I think there might be a simple way to achieve somewhat similar functionality to dask, if we used as the zarr backend for intermediate arrays a (not yet implemented) zarr store backed by the Ray Plasma object store.

I don't know anything about Plasma - does it allow sharing across machines? Also it seems very old at this point: https://github.com/ray-project/plasma/commits/master/

We'd need to do a bit of work to open up Cubed to arbitrary intermediate Zarr stores (#784). I have a draft PR in #785 that moves us in that direction.

Aug 13 '25 09:08 tomwhite

Hi,

It would be very helpful if you have an example workload that you could share or describe here as that would help us understand if it's a good fit

Most of it is analytics and feature extraction on 5-50 TB weather forecast datasets (initialization_time x valid_time x lat x lon), the usual pipeline looks e.g. something like

xr.open_zarr('s3://mybucket/ifs.zarr') \
.sel(lat=latitudes, lon=longitudes, method='nearest') \
... # computed variables based on base variables (mostly elementwise ufuncs)
.group_by('country').mean(['point']) \
.to_dask_dataframe() \
.to_parquet('s3://mybucket/ifs_features') \
# or .to_zarr

or just administrative zarr tasks (backfilling, changing compression, rechunking, etc.), so nothing much complicated, the task graph is quite typical map reduce (except the ocassional rechunk, but then rechunk is the only operation).

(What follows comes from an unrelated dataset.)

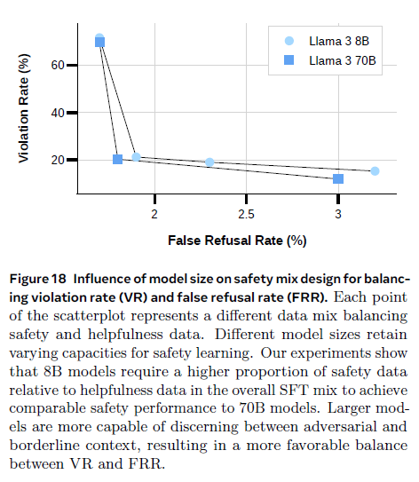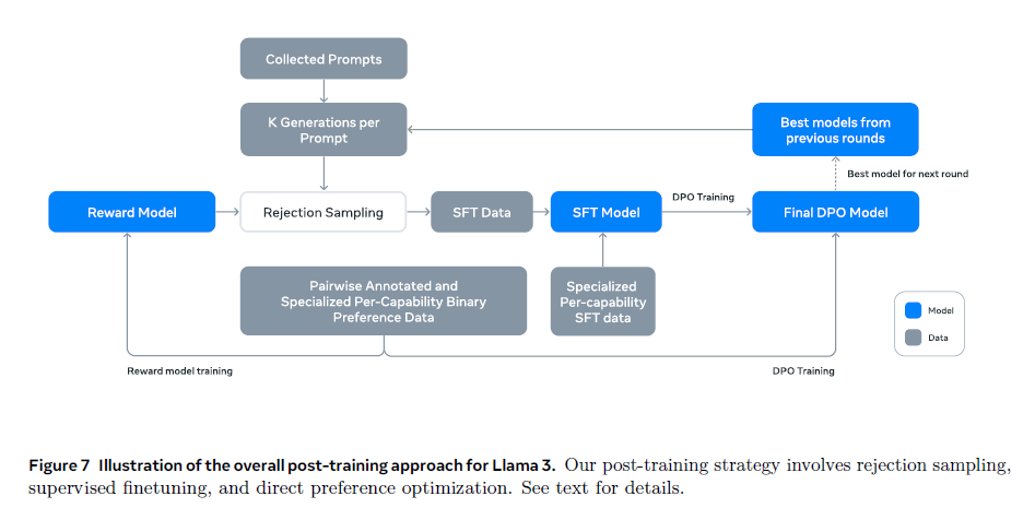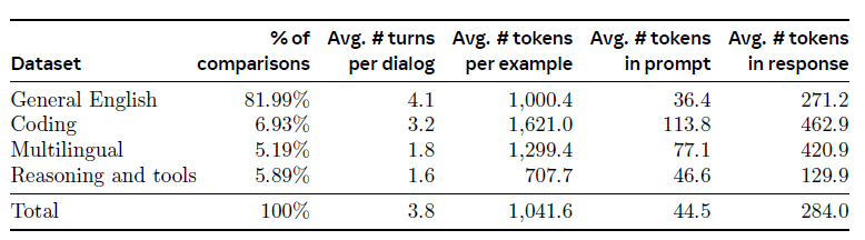 - 복잡성 관리: 우리는 모델 개발 과정을 확장할 수 있는 설계를 선택합니다. 예를 들어, 혼합 전문가 모델(Shazeer et al., 2017)보다는 표준 조밀한 Transformer 모델(Vaswani et al., 2017) 아키텍처를 소규모로 채택하여 훈련 안정성을 극대화합니다. 마찬가지로, 우리는 감독된 미세 조정(SFT), 거부 샘플링(RS), 직접 선호 최적화(DPO; Rafailov et al., 2023)를 기반으로 한 비교적 간단한 사후 훈련 절차를 채택하여 복잡한 강화 학습 알고리즘(Ouyang et al., 2022; Schulman et al., 2017)을 사용하는 것보다 안정성이 높고 확장 가능성이 크도록 합니다.

The main reasons why cubed+ray sounds promising to me is the memory guarantees of cubed (fine-tuning memory requirements is really a huge pain) and some of ray's features compared to dask (ray environments, better integration with ML ecosystem).

Also it seems very old at this point

Yes, sorry, it seems like Plasma itself is deprecated and Ray uses it's own fork of Plasma. The best docs for it seems to be this page: https://docs.ray.io/en/latest/ray-core/objects/serialization.html

Anyway, to give a quick summary of it's features as I understand them

Each worker node hosts many worker processes
Each worker node has one shared object store which is shared between all the worker processes on the node
When a worker process requests an object which resides on a different node, the data are transparently transferred to its node's object store
It supports disk spilling
The api is
- ray.put(o: object) -> ObjectRef where object ref is some unique ID
- ray.get(ref: ObjectRef) -> object
The ObjectRefs are reference counted, and the objects are garbage collected when no ObjectRefs to it exist.

Aug 13 '25 18:08 vladidobro

Thanks for the details on the workloads you are running. Since you are using Xarray they should be easy to try on Cubed (see https://cubed-dev.github.io/cubed/examples/xarray.html). You could start by running locally on a small dataset to check that the API coverage is there - if there are any gaps we'd be very happy to hear about them and fix them (https://github.com/cubed-dev/cubed-xarray/issues).

Re Plasma - are you interested in building something to test this out?

Aug 14 '25 08:08 tomwhite

Re Plasma - are you interested in building something to test this out?

Eventually yes, I am. The shared memory zarr store seems like quite simple thing to implement, the difficult thing seems to me to allow cubed to take full advantage of it. That would require not treating it as an opaque zarr store, but instead exposing the chunk-level task dependencies to the executor. And that almost sounds like the the proposal to use arbitrary blob stores https://github.com/cubed-dev/cubed/issues/727 which, if done, would allow using the ray object store directly without any zarr abstraction on top.

I am now waiting for the infra team to setup Ray for me, and when I get to test it, I will try to implement this zarr store and get back to you.

Aug 14 '25 09:08 vladidobro

@vladidobro #801 should allow you to use a Ray store directly.

Sep 15 '25 08:09 tomwhite